I used to think I had a spilo but after searching thru OPEFE site I now think its a mac.
I'm not 100% sure tho,lol.


----------



## Pbass (Feb 23, 2005)

Oops double post


----------



## Pbass (Feb 23, 2005)

More pics


----------



## MR HARLEY (Aug 12, 2003)

Nice Mac


----------



## rchan11 (May 6, 2004)

I've to go with a Mac also.
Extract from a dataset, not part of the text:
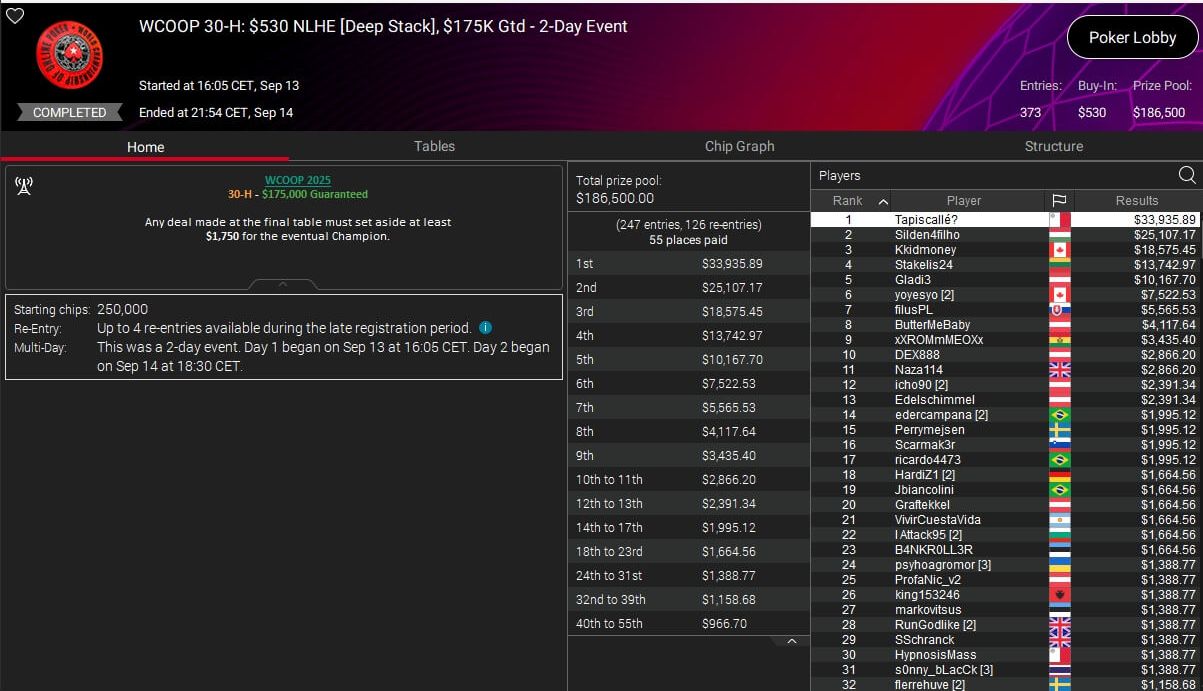 | Sat | 16:30 | WCOOP 70-M: $215 NLHE [Turbo], $125K Gtd |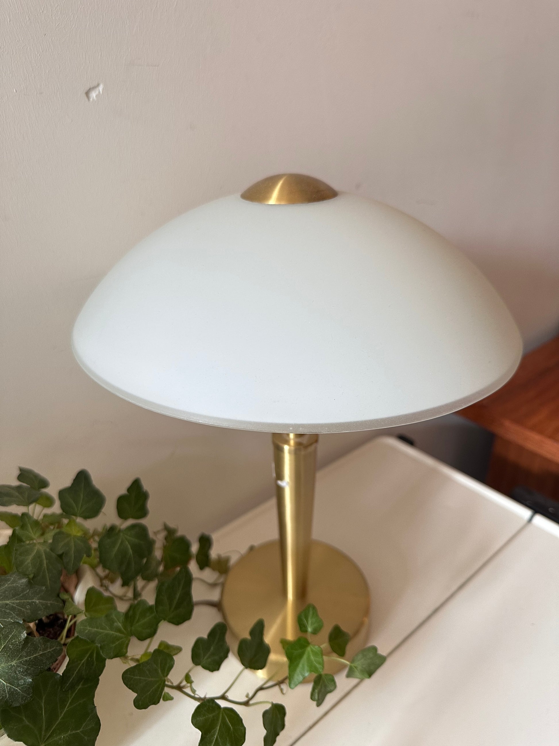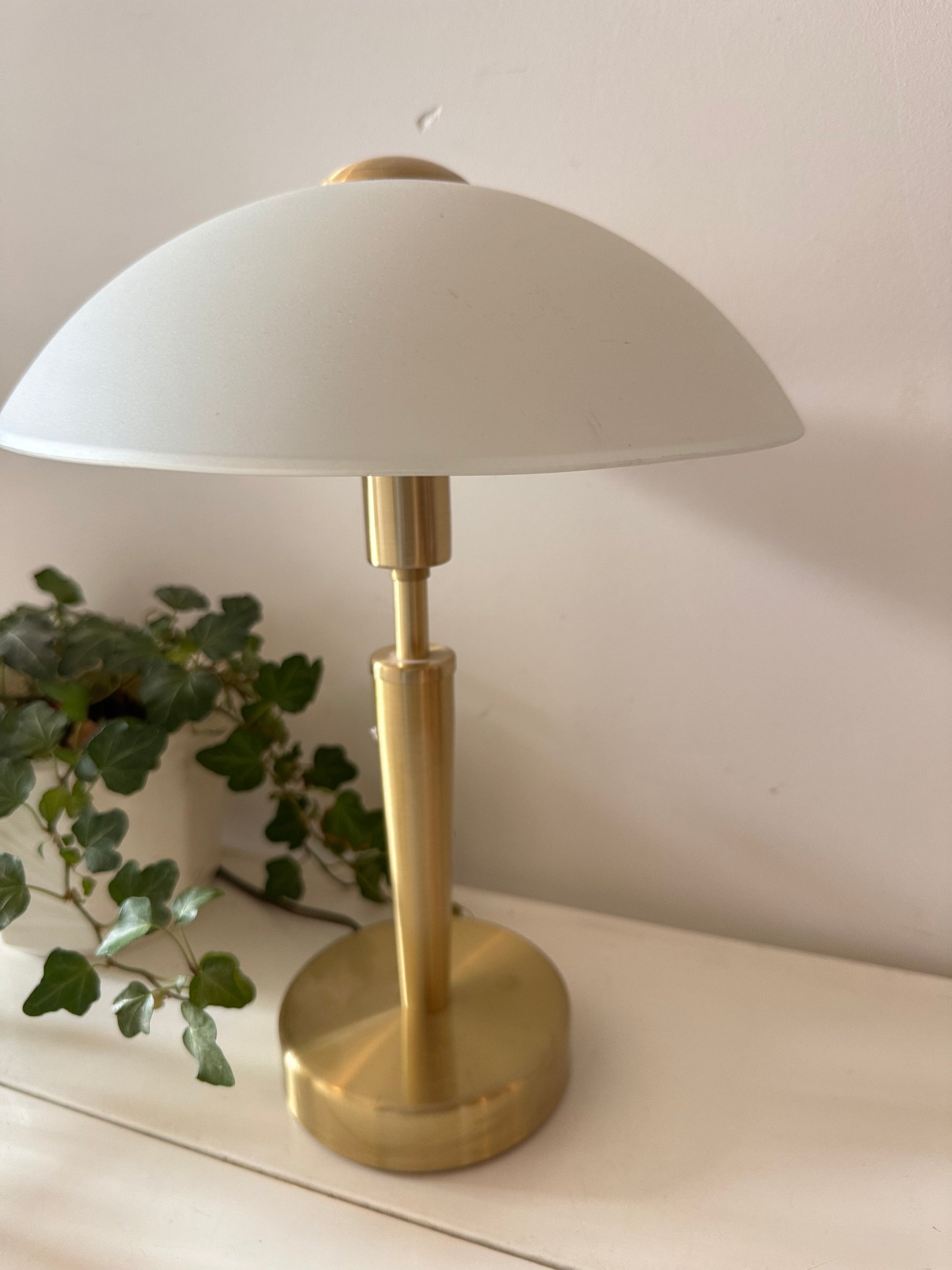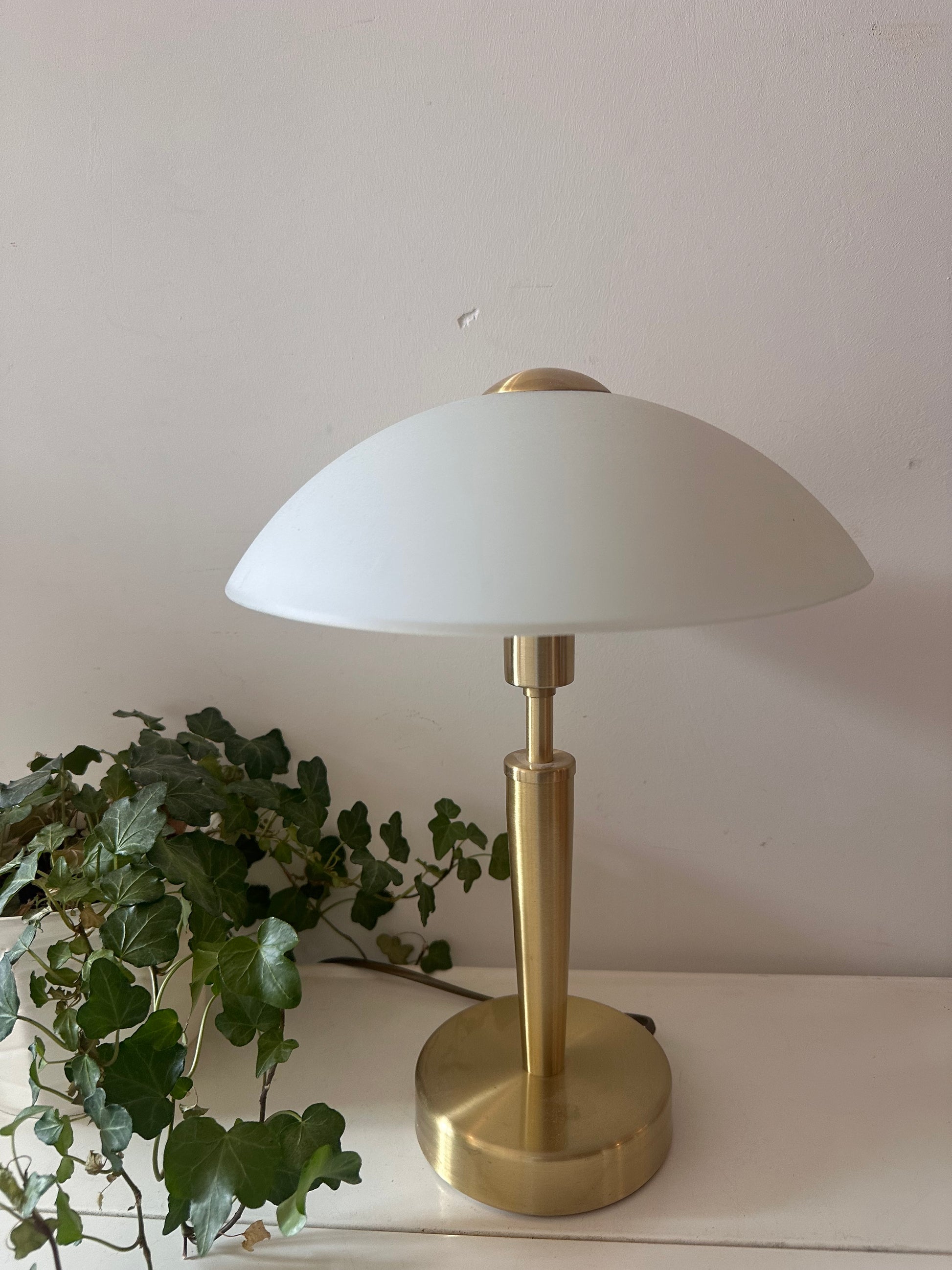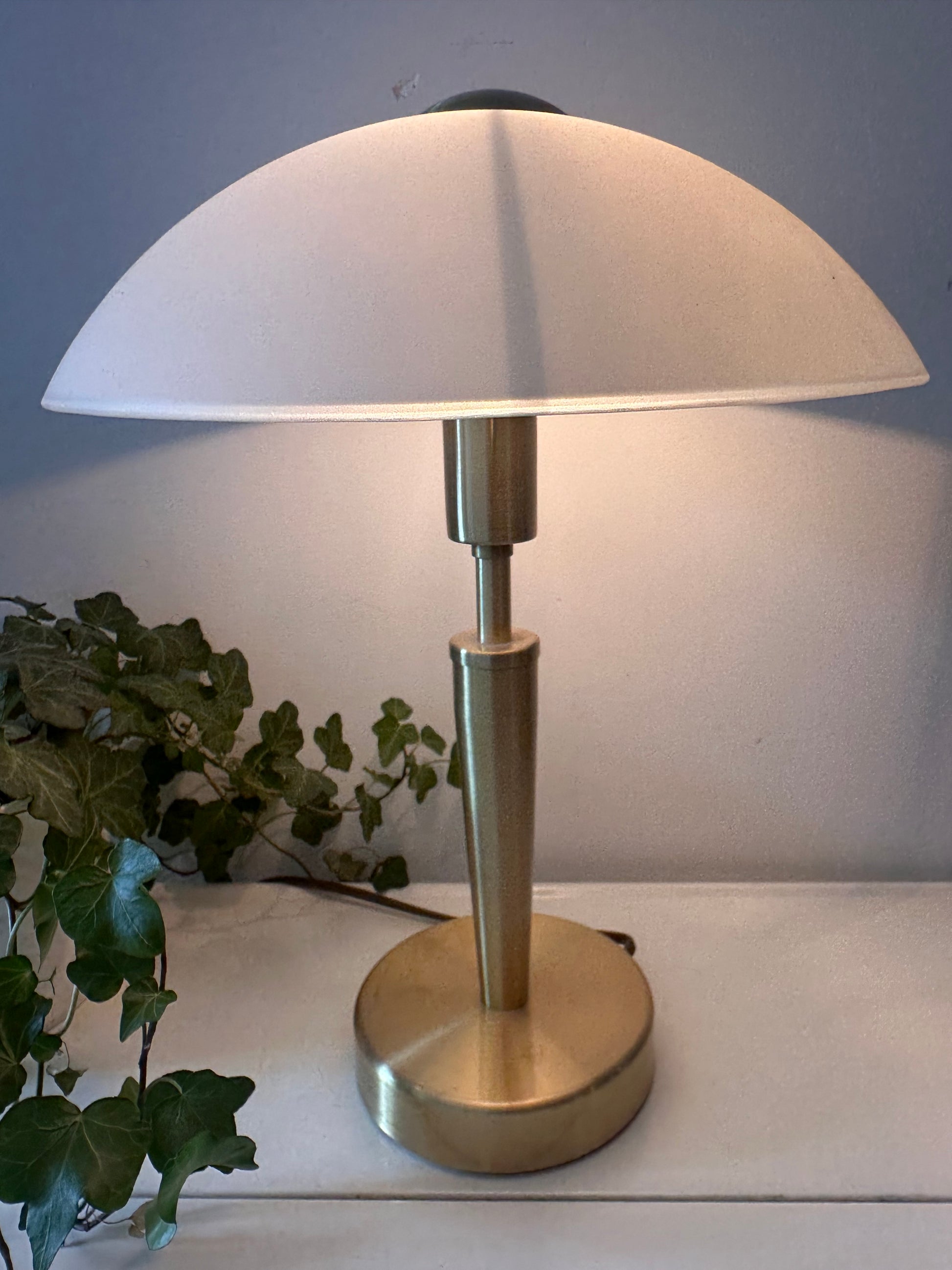 Chique en strak tegelijk – deze lamp heeft een messing voet en steel met een zachte, matte glazen kap in mushroom-vorm. Hij werkt op touch en heeft drie lichtstanden. In een mooie vintage staat! Q219

Should move this thread to Piranha id and let Frank take a look.


----------



## Pbass (Feb 23, 2005)

Stupid me I 4got about the ID section


----------



## rchan11 (May 6, 2004)

It's ok, let one of the moderators move it.


----------



## Grosse Gurke (Jan 3, 2003)

Maculatus.

Moved.


----------



## Pbass (Feb 23, 2005)

oops I was ahead of u and posted it in the ID section aswell. sh*t









So whats the giveaway that it's a Mac, the tail?


----------



## MR HARLEY (Aug 12, 2003)

This is a Pinned thread ?


----------



## wayne.140 (Jan 23, 2005)

Got to say mac


----------



## RedBelly Dom (Mar 22, 2005)

yeah i'd say its a mac


----------



## mashunter18 (Jan 2, 2004)

agreed mac


----------



## Curley (Aug 4, 2004)

MAC... it looks like mine.


----------



## Curley (Aug 4, 2004)

i dont what happened in the last post...???


----------



## FLsunshine (Mar 15, 2005)

mac theirs no doubt i got a two gold spilos and their jaw is diffrent...alot longer bottom jaw


----------



## red&black (Feb 25, 2005)

def a mac. nice lookin fish


----------



## rchan11 (May 6, 2004)

My avatar is a Mac also.


----------



## Rigor_mortiZ_Rhom (Dec 21, 2003)

macs are the best


----------



## GoJamieGo (Mar 18, 2005)

Looks like a maculatus....^^


----------



## hastatus (Jan 16, 2003)

ID Complete. S. maculatus.


----------